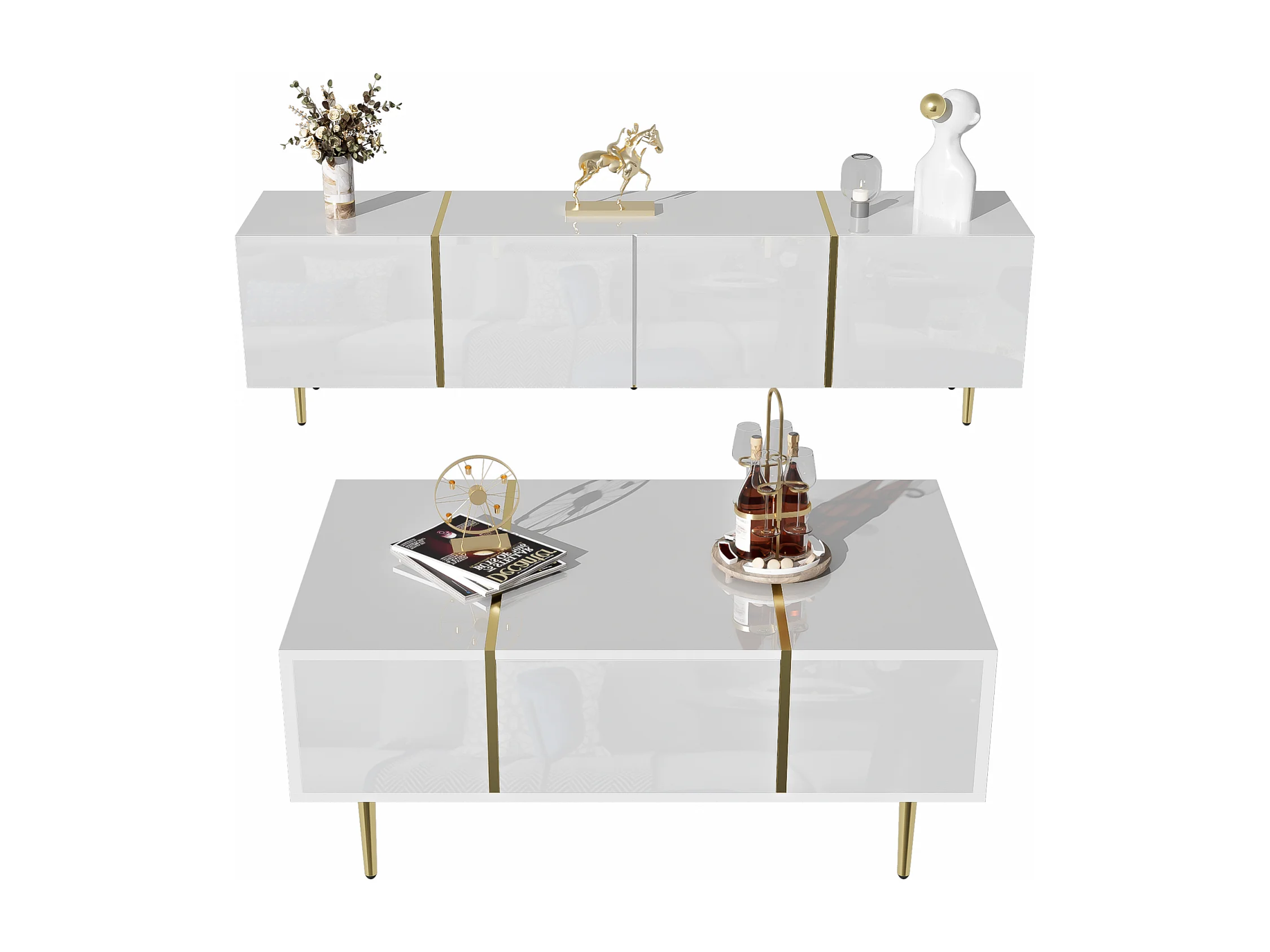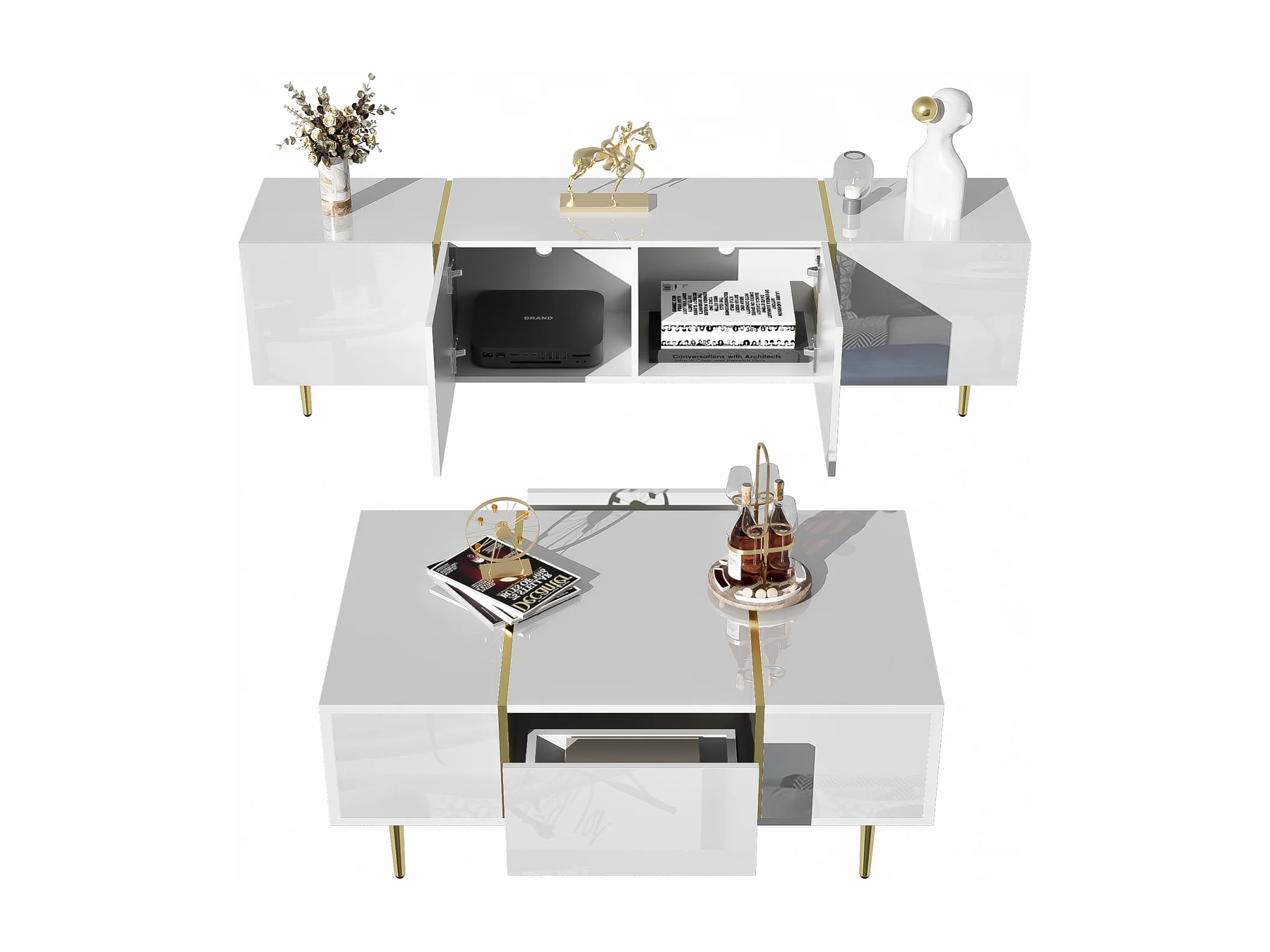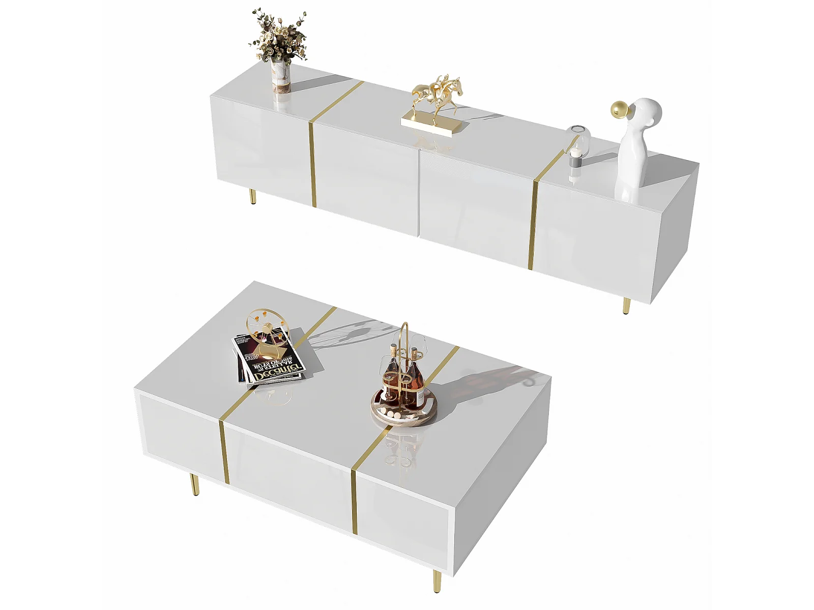 Meuble TV brillance et ensemble de table basse moderne, Armoires de rangement, Blanc
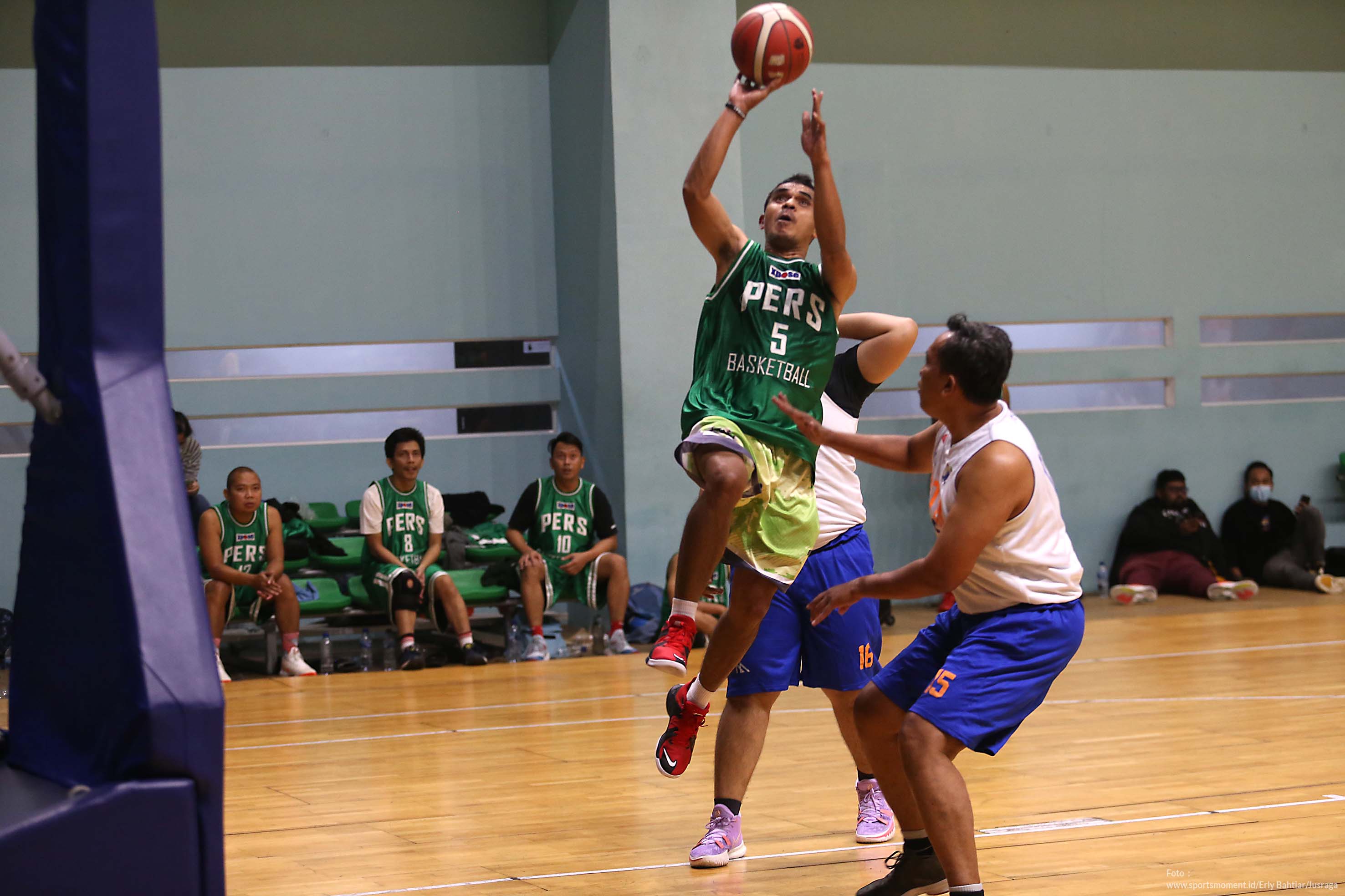 Eky Reuwpassa jurnalis TVRI yang bergabung dalam JUSRAGA (Jurnalis Peduli dan Suka Olahraga) beraksi di pagelaran Dewa United Surabaya Fun Games bersama awak media di GBK Arena, Jumat (17/12) sore. Acara main basket bareng ini menjadi momen silaturahmi jelang bergulurnya IBL 2022 yang direncanakan mulai pada 15 Januari di Hall Basket Senayan, Jakarta. Photo : Erly Bahtiar
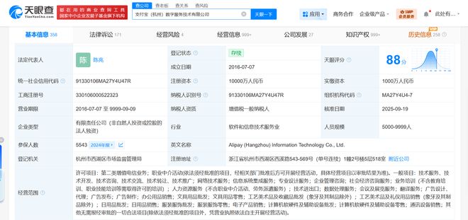 此外,支付宝(杭州)信息技术有限公司也发生工商变更,企业名称变更为支付宝(杭州)数字服务技术有限公司。该公司成立于 2016 年 7 月,法定代表人为陈亮,由蚂蚁科技集团股份有限公司全资持股。
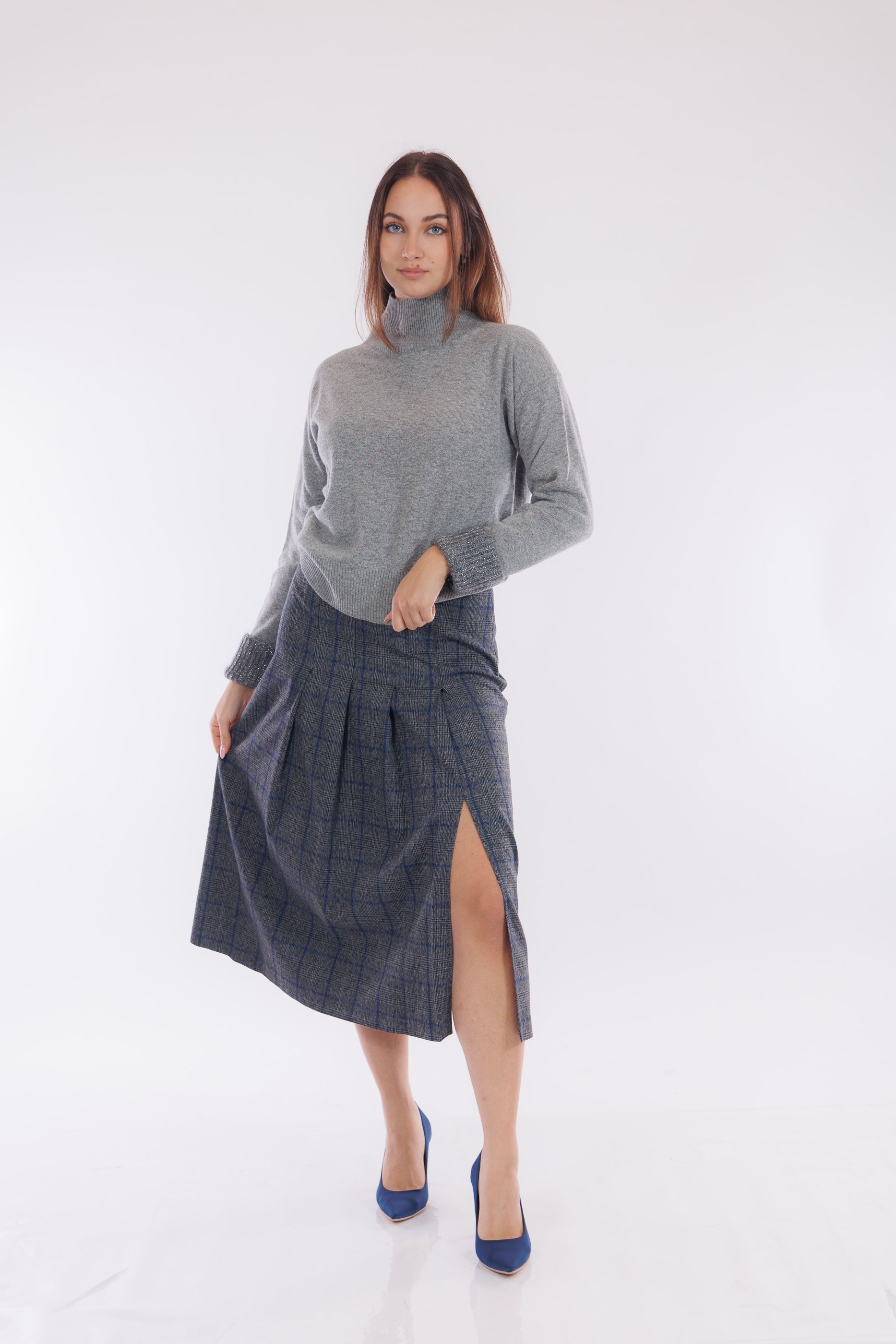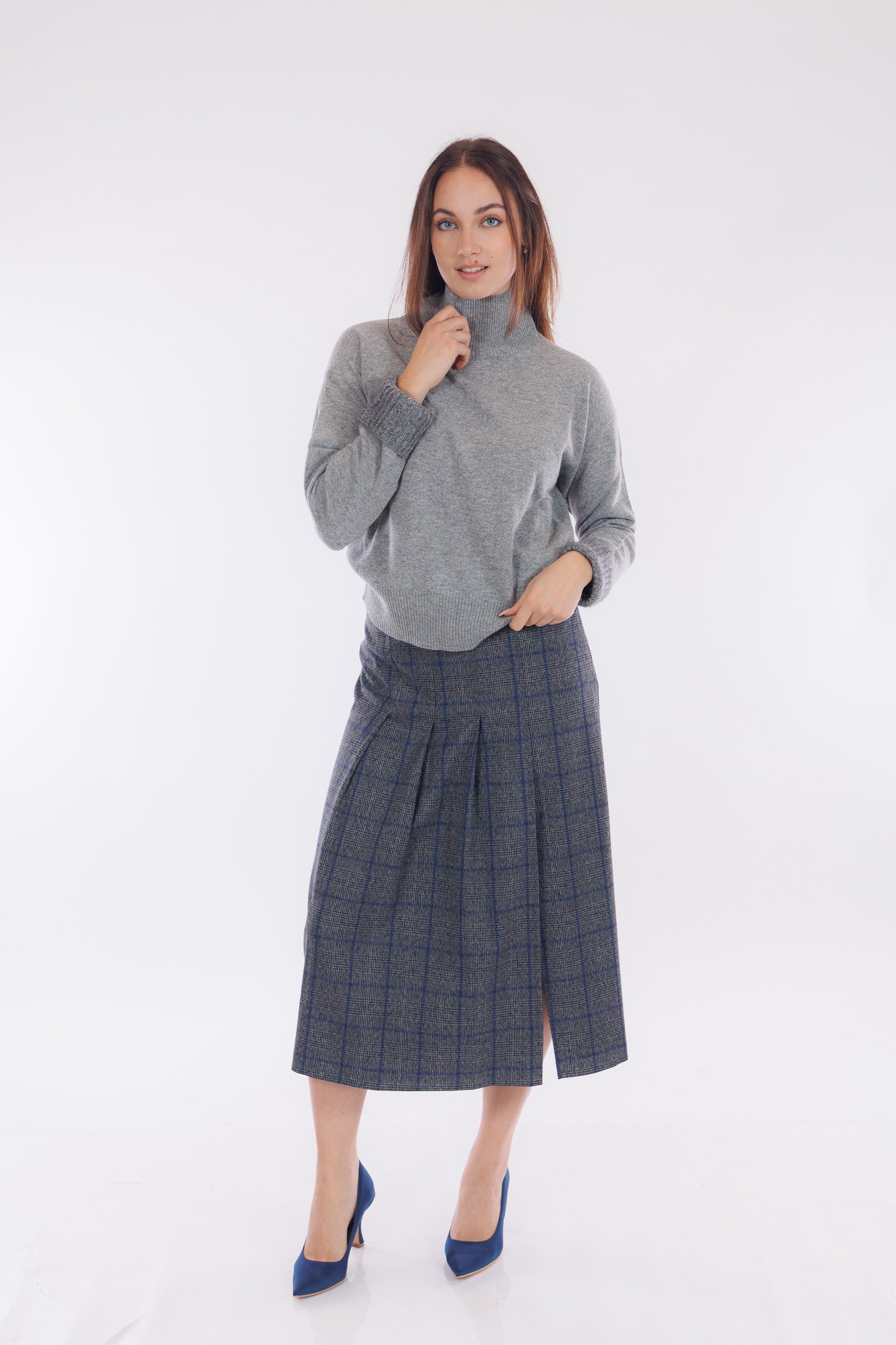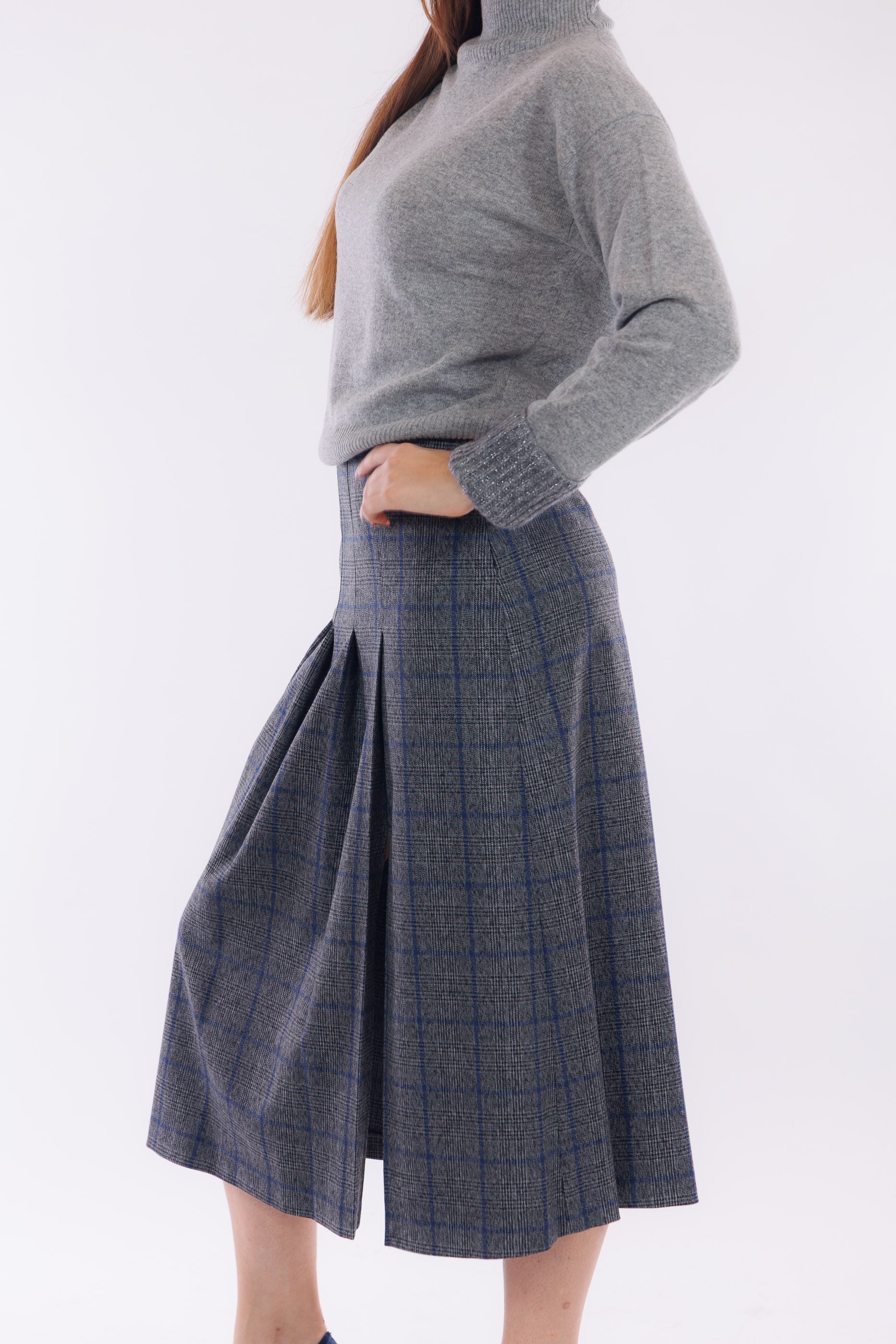 Questa gonna in tessuto principe di Galles combina eleganza e funzionalità con il suo design a pieghe frontali e uno spacco laterale che facilita il movimento. La zip sul fianco garantisce una chiusura perfetta, mentre la lunghezza a metà polpaccio e la vita alta valorizzano la silhouette con raffinata modernità. Ideale per un look professionale e sofisticato.
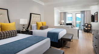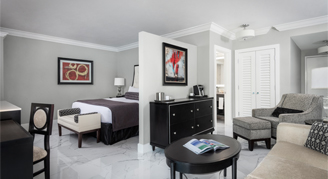 Two-bedroom two-bathroom suite with a separate living room. This suite overlooks Fifth Avenue with three separate balconies.
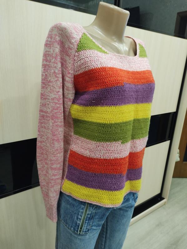 Длина изделия 55 Длина рукава от горловины 69 Под рукавами 48 Ширина по низу 48 кофточка тёплая с шерстяной нитью, стильная р. M/L 611

☆ ☆ ☆ ☆ ☆ ☆ ☆

» **DESCRIPTION OF THE TASK**: Omit the pictures and repeat the rest of the listing verbatim.

» **ANSWER BOX**:
 Meuble TV brillance et ensemble de table basse moderne, Armoires de rangement, Blanc
 Eky Reuwpassa jurnalis TVRI yang bergabung dalam JUSRAGA (Jurnalis Peduli dan Suka Olahraga) beraksi di pagelaran Dewa United Surabaya Fun Games bersama awak media di GBK Arena, Jumat (17/12) sore. Acara main basket bareng ini menjadi momen silaturahmi jelang bergulurnya IBL 2022 yang direncanakan mulai pada 15 Januari di Hall Basket Senayan, Jakarta. Photo : Erly Bahtiar
 此外,支付宝(杭州)信息技术有限公司也发生工商变更,企业名称变更为支付宝(杭州)数字服务技术有限公司。该公司成立于 2016 年 7 月,法定代表人为陈亮,由蚂蚁科技集团股份有限公司全资持股。
 Questa gonna in tessuto principe di Galles combina eleganza e funzionalità con il suo design a pieghe frontali e uno spacco laterale che facilita il movimento. La zip sul fianco garantisce una chiusura perfetta, mentre la lunghezza a metà polpaccio e la vita alta valorizzano la silhouette con raffinata modernità. Ideale per un look professionale e sofisticato.
 Two-bedroom two-bathroom suite with a separate living room. This suite overlooks Fifth Avenue with three separate balconies.
 Длина изделия 55 Длина рукава от горловины 69 Под рукавами 48 Ширина по низу 48 кофточка тёплая с шерстяной нитью, стильная р. M/L 611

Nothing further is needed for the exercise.